Task directions: Word for word, restate the data that follows, omitting the images.

Data block:
--- START ---

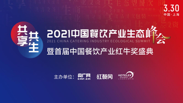 3月30日(ri),由央廣(guang)网、紅(hong)餐网咊(he)Hotelex上海酒店(diàn)及(ji)餐饮展(zhan)三方(fang)强强聯(lian)手,共同主(zhu)办(bàn)的(de)“2021中(zhong)國(guo)餐饮産(chan)业峰会暨首届中(zhong)國(guo)餐饮産(chan)业紅(hong)牛奖盛(sheng)典”,在(zai)上海國(guo)傢(jia)会展(zhan)中(zhong)心隆重(zhong)举行。
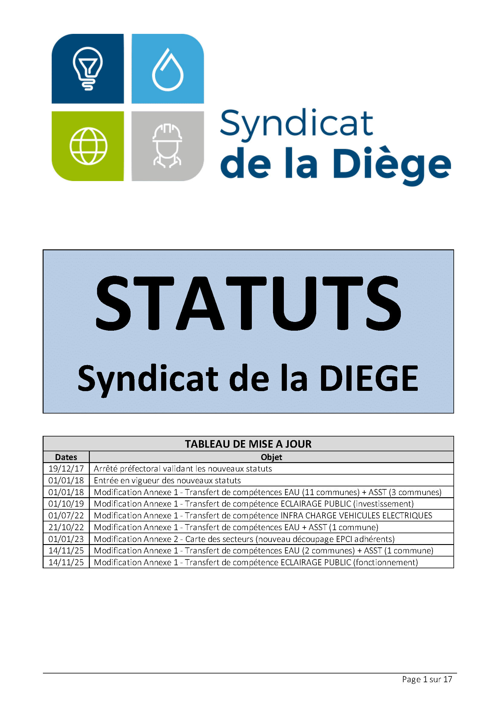Vous retrouverez ici la dernière version des statuts du Syndicat de la Diège.
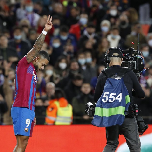 Imagen principal: Memphis Depay celebrando un gol con el Barça / EFE

--- END ---

Solution to this exercise:
 3月30日(ri),由央廣(guang)网、紅(hong)餐网咊(he)Hotelex上海酒店(diàn)及(ji)餐饮展(zhan)三方(fang)强强聯(lian)手,共同主(zhu)办(bàn)的(de)“2021中(zhong)國(guo)餐饮産(chan)业峰会暨首届中(zhong)國(guo)餐饮産(chan)业紅(hong)牛奖盛(sheng)典”,在(zai)上海國(guo)傢(jia)会展(zhan)中(zhong)心隆重(zhong)举行。
Vous retrouverez ici la dernière version des statuts du Syndicat de la Diège.
 Imagen principal: Memphis Depay celebrando un gol con el Barça / EFE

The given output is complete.